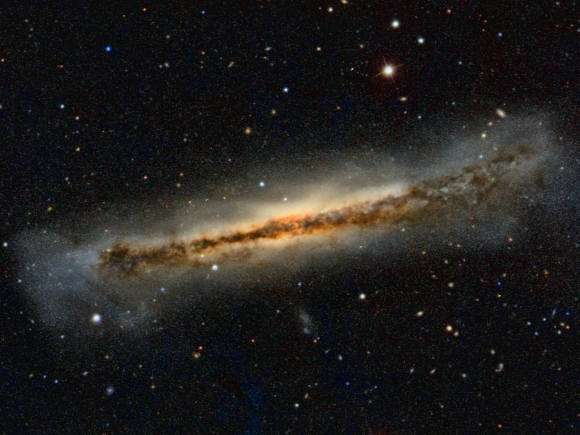 vue par la tranche et située à environ 200 millions d'années-lumière..
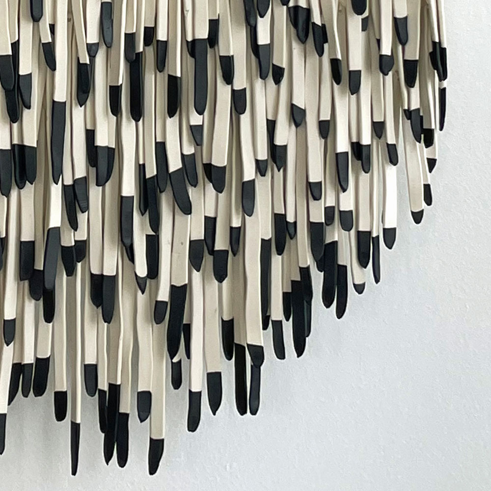 Inspired by the avian world, my current work explores repetition of form and material transformation, creating layered, tactile works referencing bird wing structures (remiges and retrices).
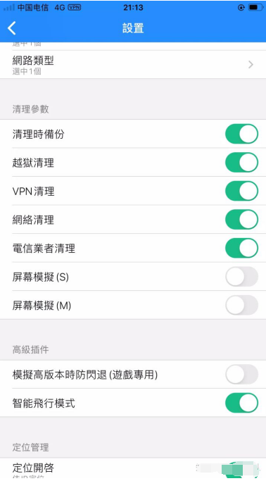 系统版本全选,运营商选电信,网络类型选4G,参数清理&高级插件,下面几个选项全都选上:
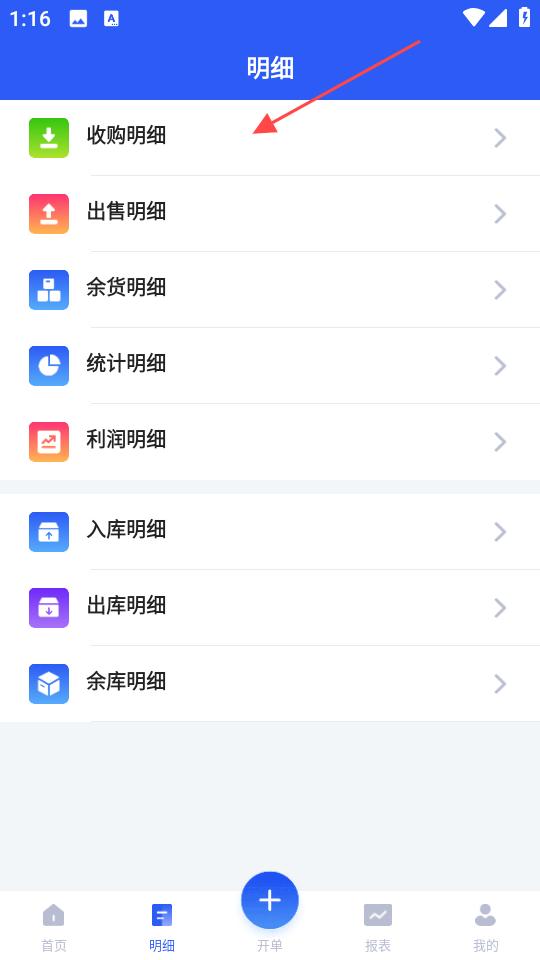 2、明細界面,有收購明細、出售明細等多種明細分類,用戶可點擊查看相應的明細數據,方便用戶了解農產品的收購、出售等情況。
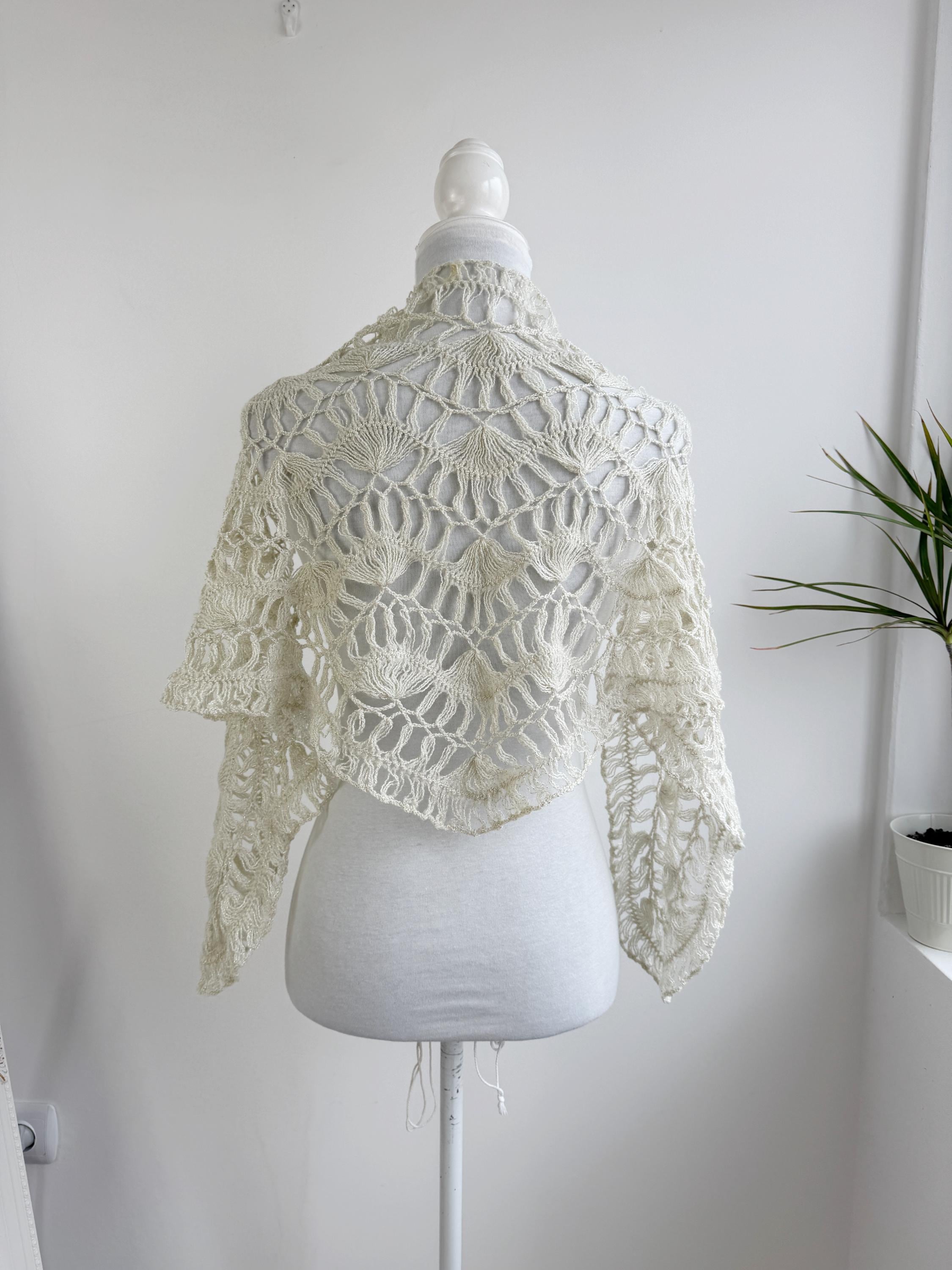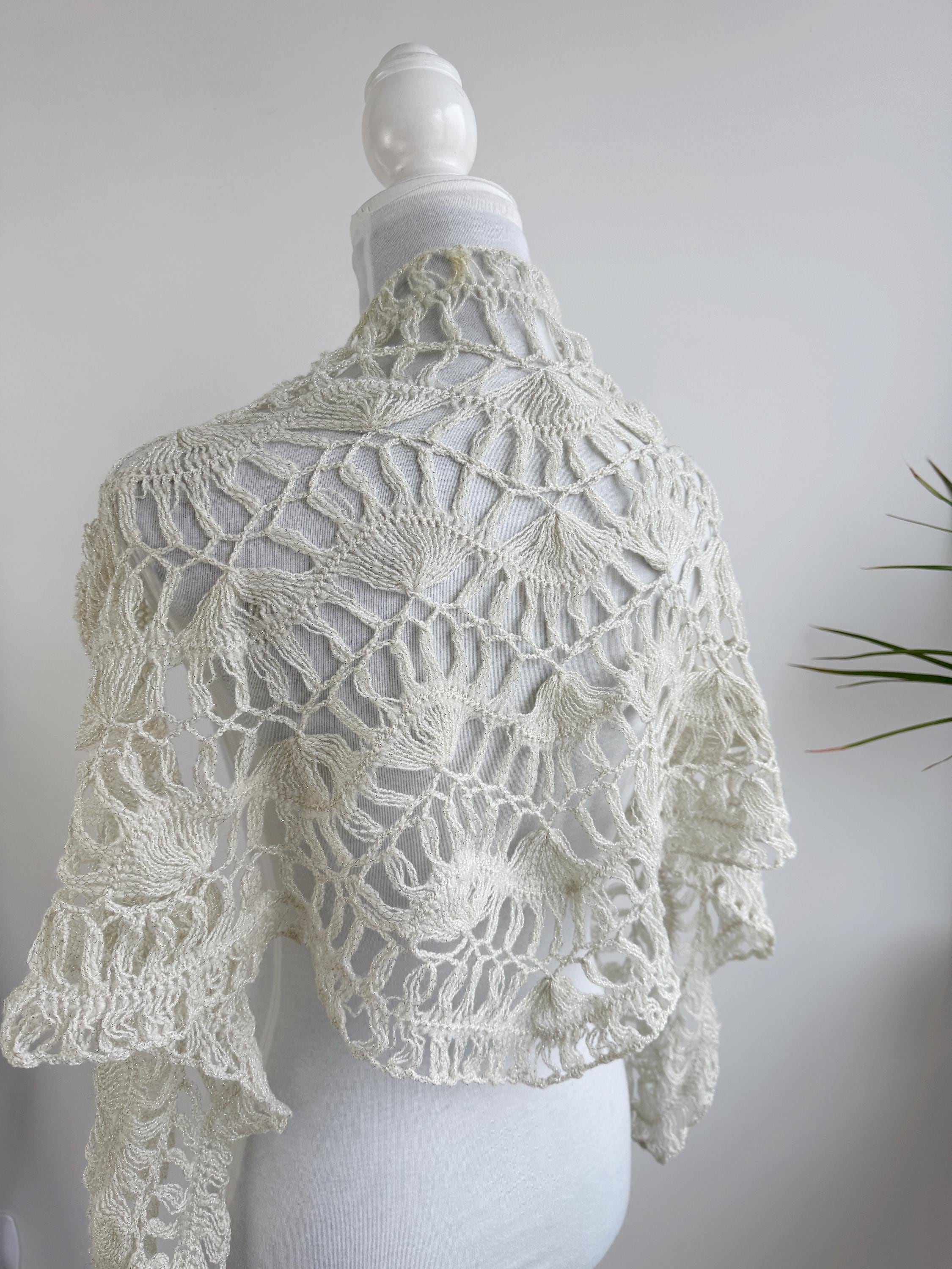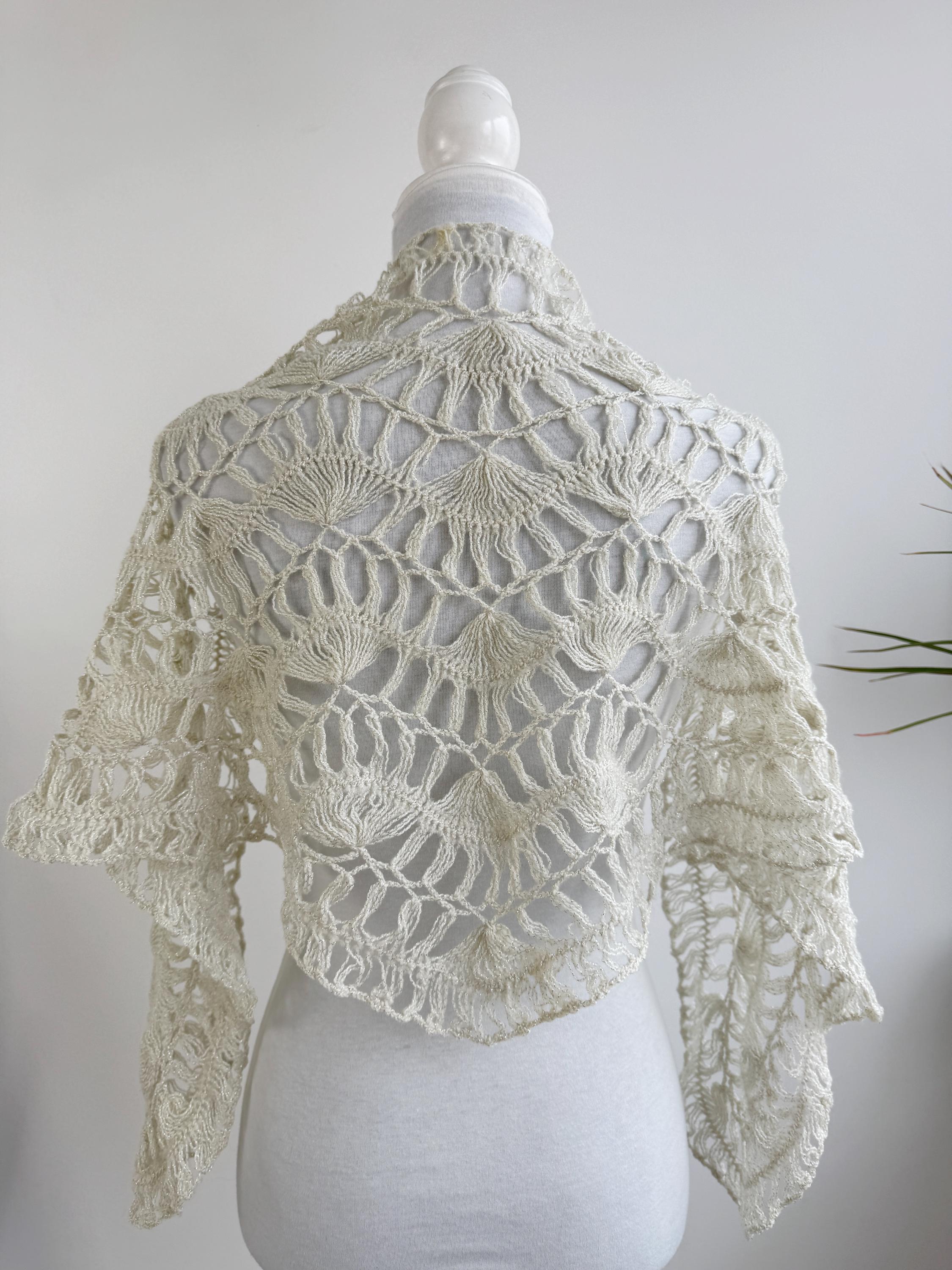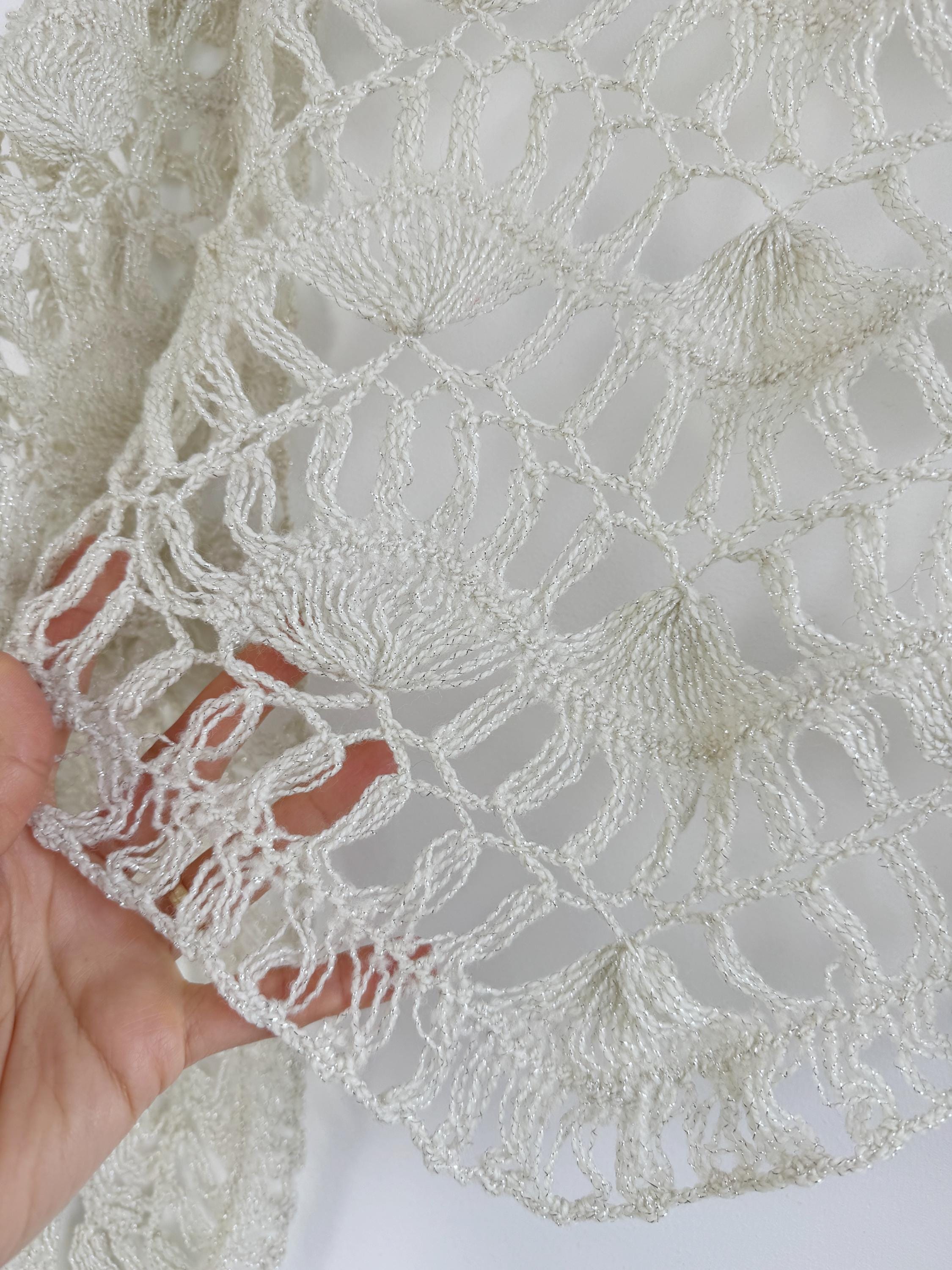 Elevate your evening attire with this exquisite vintage hand-crochet broomstick lace shawl. Featuring a delicate fan-shaped openwork pattern, this handmade wrap is crafted from a soft cream-white yarn interwoven with a subtle silver metallic thread that catches the light beautifully.

□ □ □ □ □

__REQUIRED ACTION__:
Without copying any picture, write out all of the material exactly as it reads.

__EXERCISE SOLUTION__:
 vue par la tranche et située à environ 200 millions d'années-lumière..
 Inspired by the avian world, my current work explores repetition of form and material transformation, creating layered, tactile works referencing bird wing structures (remiges and retrices).
 系统版本全选,运营商选电信,网络类型选4G,参数清理&高级插件,下面几个选项全都选上:
 2、明細界面,有收購明細、出售明細等多種明細分類,用戶可點擊查看相應的明細數據,方便用戶了解農產品的收購、出售等情況。
 Elevate your evening attire with this exquisite vintage hand-crochet broomstick lace shawl. Featuring a delicate fan-shaped openwork pattern, this handmade wrap is crafted from a soft cream-white yarn interwoven with a subtle silver metallic thread that catches the light beautifully.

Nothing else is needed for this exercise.